Respondent also contends that petitioner instituted these appeals without prior authorization from the Board of Education of the City of New York. The record reflects that the Board authorized an appeal of the June 16, 1993 decision on July 7, 1993 and of the July 25, 1993 decision on August 25, 1993. Therefore, respondent's assertion is without merit.

Turning to the merits of these appeals, I will not substitute my judgment for that of a panel unless there is clear and convincing evidence that their determinations on the credibility of witnesses and the viability of other evidence are inconsistent with the facts (Appeal of the Board of Education of the City School District of the City of New York, 33 Ed Dept Rep 433; Appeal of LePore, 28 Ed Dept Rep 425). This record reflects that respondent was absent without permission and did commit numerous acts constituting insubordination and conduct unbecoming a teacher. Furthermore, the charges relating to the submission of timesheets with respondent's insertion of his supervisor's name was clearly improper. Respondent's reliance on the panel's use of the term "civil fraud" to support his assertion that the panel found him guilty of something for which he was not charged, is misplaced. Read in context, that expression was merely a characterization of the panel's finding of respondent's guilt for the charge relating to the submission of timesheets with respondent's imprint of his supervisor's name. Therefore, I have no basis to overturn the panel's findings of guilt.
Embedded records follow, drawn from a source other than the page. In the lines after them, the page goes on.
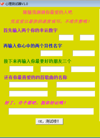 心理测试器是一款娱乐型的测试心理小工具,可以准确的推算出你最爱的人,你所喜欢的但不能与之相伴的人,你的三个朋友,你最关心的朋友,非常了解你的朋友,跟你交往很多但不一定了解你的朋友,那几首歌是描述你对人或事物的看法,你对生活,你对生活的感受,您的愿望。
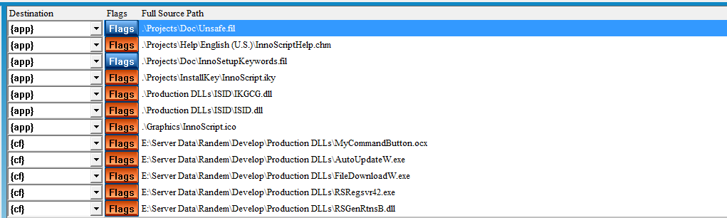 The Add Files tab is used to add any file that InnoScript will not automatically find up such as text, picture, database as well as files InnoScript will find such as dll or ocx files. The reason you may want to add files that InnoScript will automatically find is that when you run InnoScript and InnoScript determines the flags that a file should have included with it, you may want to add additional flags to the file. You can then select the FLAGS button for that file to add the additional flags you want to include in the Inno Setup Script. You can also select where each particular file will be deployed by selecting the destination from the drop down selection on the left. This selection will shot the Inno Setup constants that you can use for deployment. Check the Inno Setup documentation for more clarifications on these constants.
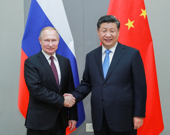 ▲當?shù)貢r間11月13日,國家主席習近平在巴西利亞會見俄羅斯總統(tǒng)普京。新華社記者龐興雷攝
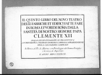 - Iscrizioni:al centro:"IL QVINTO LIBRO DEL NOVO TEATRO/DELLE FABBRICHE ET EDIFICJ FATTE DARE/ IN ROMA E FVORI ROMA DALLA/SANTITA' DI NOSTRO SIGNORE PAPA/CLEMENTE XII/ DISEGNATE ED INTAGLIATE IN PROSPETTIVA/CON DIREZZIONE E CVRA DI GIO. DOMENICO CAMPIGLIA SOPRAINTENDENTE/DELLA CALCOGRAFI CAMERALE/In Roma al Piè di Marmo con Privileggio del Sommo Pontefice/e licenzia de Superiori/L'ANNO MDCCXXXIX;in basso a destra:"1".
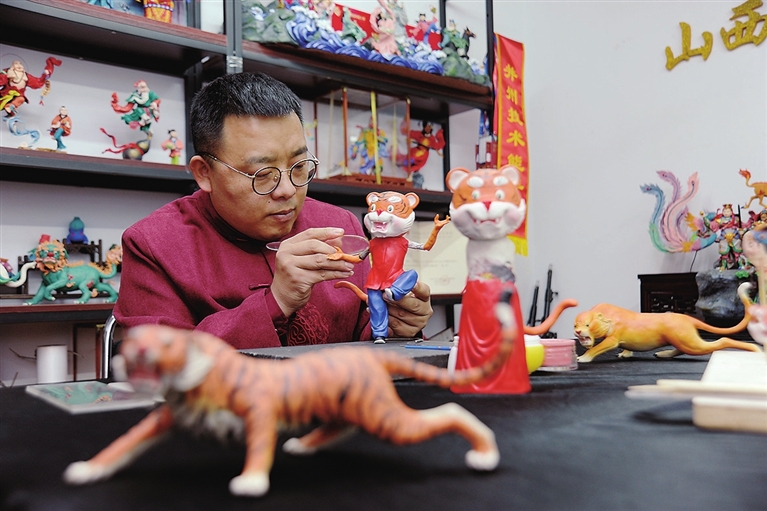 1月20日,市级非遗传承人卫兴安正在为迎接虎年创作面塑作品——虎娃,以此展现对美好生活的向往。 徐浩轩 孙学起 摄
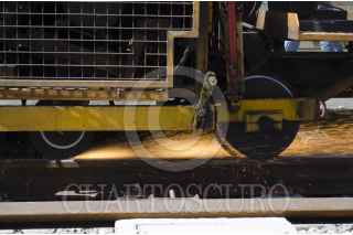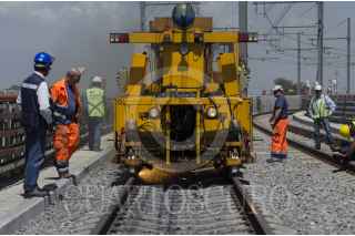 MÉXICO, D.F., 01AGOSTO2014.- La línea 12 del metro, que corre de Tláhuac a Mixcoac, aun no reanuda actividades en 11 de las estaciones que presentan fallas. Sobre una superficie de mil 200 metros del tramo entre las estaciones Nopalera y Zapotitlán, este fin de semana se realizarán las últimas seis pruebas dinámicas para después de arrojados los resultados, se proceda a analizar los datos capturados por los sensores dispuestos a lo largo de los rieles. Una máquina reperfiladora se utiliza en cada prueba dinámica, además de una máquina esmeriladora y un equipo de medición de desgaste. En análisis será realizado por especialistas de México y Francia. FOTO: MARÍA JOSÉ MARTÍNEZ /CUARTOSCURO.COM
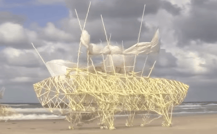 Dutch artist Theo Jansen’s “Strandbeest“—or “beach creature”—has a skeleton made out of yellow plastic tubes and is completely powered by the wind. Watch various Strandbeests in action below.

With regard to the charges for which respondent was not found guilty by the panels, I will not set aside a panel's decision which is based on credibility of witnesses unless there is clear and convincing evidence it is inconsistent with the facts (Appeal of the Board of Education of the City School District of the City of New York, supra; Appeal of LePore, supra). The record reflects there was conflicting testimony and that the panel found some testimony credible and other testimony incredible. Therefore, because the panel relied upon the credibility of witnesses to resolve the conflicting testimony, I will not set aside the panel's findings of guilt.
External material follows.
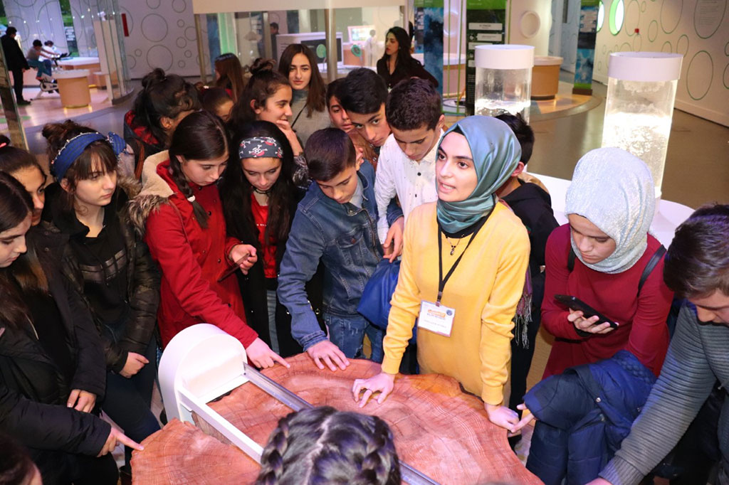 Kayseri Bilim Merkezi, eğitimin her kademesinde bilimsel destek vermeye ve bilimin eğitimin bir parçası haline gelmesine katkı sunmaya devam ediyor. Kayseri Bilim Merkezi mevcut donanımı, bilimsel ve teknolojik altyapı imkanları ile 7’den 70’e tüm kesimlerin bilimsel süreçler hakkında bilgi edinmelerini, yetkinlik kazanmalarını, akademik başarılarının yanı sıra bilime olan ilgilerinin artırılmasını sağlamaya devam ediyor. Bu kapsamda geleceğin öğretmen adayları olan Erciyes Üniversitesi Eğitim Fakültesi öğrencileri Topluma Hizmet Uygulamaları dersi kapsamında Bilim Merkezi’nde gerçekleştirilen etkinliklere katıldılar. Öğretmen adayları bu sayede okul dışı öğrenme ortamları ve burada gerçekleştirilen etkinliklere aktif katılım sağlayarak mesleki becerilerini geliştirme imkanına sahip oluyorlar. Erciyes Üniversitesi Eğitim Fakültesi ile ortaklaşa gerçekleştirilen uygulamaya 2018 yılında toplam 50 öğretmen adayı katılım sağladı. Uygulamaya katılan Erciyes Üniversitesi Eğitim Fakültesi Sınıf Öğretmenliği öğrencileri, Kayseri Bilim Merkezi’nde katıldıkları etkinliklerin gelecekleri açısından önemli faydalar sağladığını belirttiler.
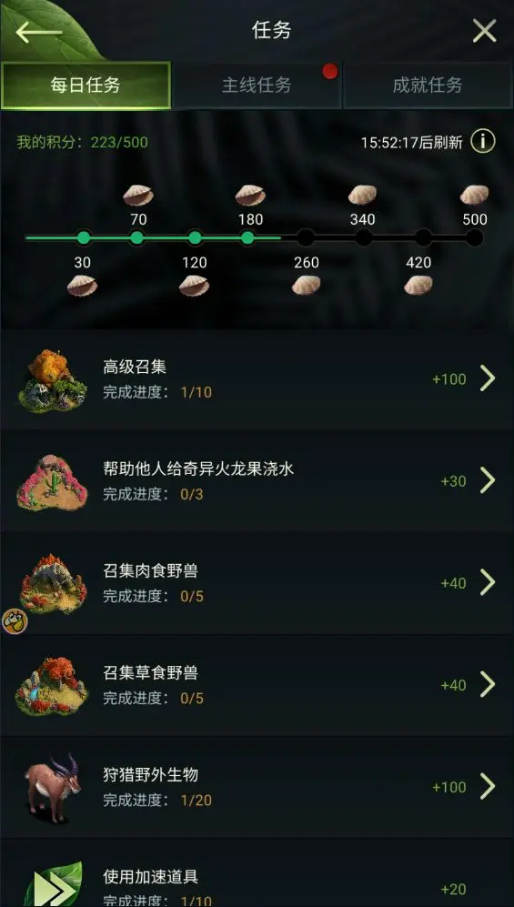 记得使用加速道具、给奇异火龙果浇水等小操作可以获得小额积分,集结狩猎野生兽群、召集各类野兽可以获得大额积分哦!

The remaining issue is whether the penalty is appropriate. In determining whether to substitute my judgment for a hearing panel's, the question is whether the discipline imposed is proportionate to the offense (Appeal of Bruno; 31 Ed Dept Rep 503; Matter of Mockler v. Ambach, 79 AD2d 745, lv to app den 53 NY2d 603; Matter of Kloepfer v. Commissioner, et al., 82 AD2d 974, aff'd 56 NY2d 687; Shurgin v. Ambach, 83 AD2d 665, aff'd 56 NY2d 700). Also pertinent is the teacher's fitness to carry out his or her professional responsibilities (Matter of Bott, 41 NY2d 265; Appeal of the Board of Education of the Pleasantville UFSD, 31 Ed Dept Rep 262). A penalty must be imposed which is sufficient to act as a deterrent to repetition of the improper conduct and impress upon respondent that the behavior is unacceptable (Appeal of the Board of Education of the Poughkeepsie City School District, 32 Ed Dept Rep 547; Appeal of the Board of Education of the City School District of the City of New York, 29 id. 228).

The record reflects that after the first set of charges was filed against respondent, his insubordination and other improper conduct continued. Such conduct even continued after a second set of charges was filed. Because respondent did not modify his behavior subsequent to the filing of these charges, I conclude that he was not sufficiently impressed that his behavior was unacceptable. Moreover, it must be noted that this unacceptable course of conduct continued over an extended period of time. Consequently, I find the panels' aggregate penalties of one year and three months suspension without pay to be insufficient to impress upon respondent the severity of his conduct. Therefore, I am imposing a two-year suspension without pay.

I have considered the parties' remaining contentions and find them without merit.

THE APPEALS ARE SUSTAINED TO THE EXTENT INDICATED.

IT IS ORDERED that petitioner is authorized to suspend respondent for two years without pay in accordance with this decision.